Gold fell 1 percent Monday to hit its lowest level in three weeks, as weakness in crude oil and commodities amid worries over economic growth and a European debt crisis prompted selling across the board.
Silver also tumbled 4 percent, poised to notch its biggest two-day drop in a month, as safe-haven buying was absent for precious metals despite a downgrade of Greece's credit rating. Oil fell as much as $3 and U.S. equities also pared initial gains.
"Gold is suffering from liquidation of risk assets and it's going to face pressure of profit-taking, but the fundamental story that keeps people investing in gold is still in place," said Sean McGillivray, head of asset allocation for Great Pacific Wealth Management.
Spot gold was down 1 percent at $1,515.09 an ounce by 1:33 p.m. EDT, set for its biggest one-day drop in more than five weeks. It hit a session low of $1,510.62, its weakest since May 23.
Technical selling also weighed on prices after bullion fell below its 20-day moving average, a level it held for the past three weeks. Gold appears to find support after bouncing off its 50-day moving average at $1,507 an ounce.

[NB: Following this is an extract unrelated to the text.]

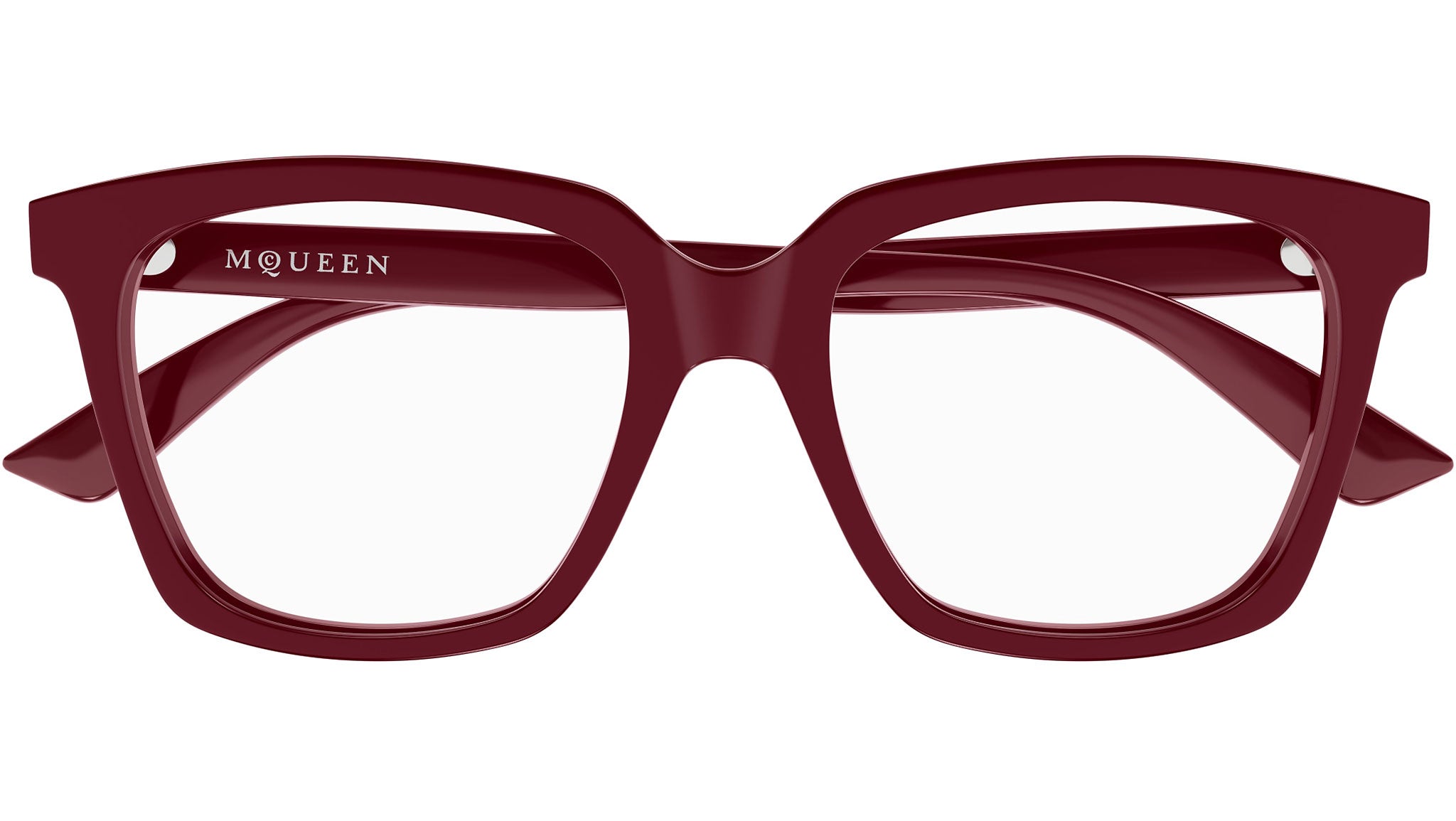 Occhiali da vista Alexander McQueen Logo modello AM0513O in acetato riciclato cat eye codice colore 005 bordeaux tinta unita lucido con aste bordeaux e lenti demo. Rivenditore autorizzato Alexander McQueen online. Gli occhiali vengono consegnati con custodia e accessori originali e sono coperti dalla garanzia ufficiale di 12 mesi del produttore.

Bullion extended losses from Friday when it came under liquidation pressure as the dollar rallied and Wall Street resumed its slide following weaker Chinese trade data.
The metal snapped a three-week winning streak last week, but it is up 3 percent in the past four weeks on a string of bleak U.S. economic data including a weak jobs report.
Spot silver fell 3.7 percent to $34.80 an ounce.
Crude oil and equities prices weakened further after Standard & Poor's cut Greece's credit ratings by three notches, saying the country is increasingly likely to restructure its debt in a way the ratings agency would consider a default.
The cost of insuring peripheral euro zone bonds against default hit record highs on Monday.
However, Credit Suisse said in a note that the lingering discussion about the fiscal situation across developed economies should additionally promote gold's role as a store of value.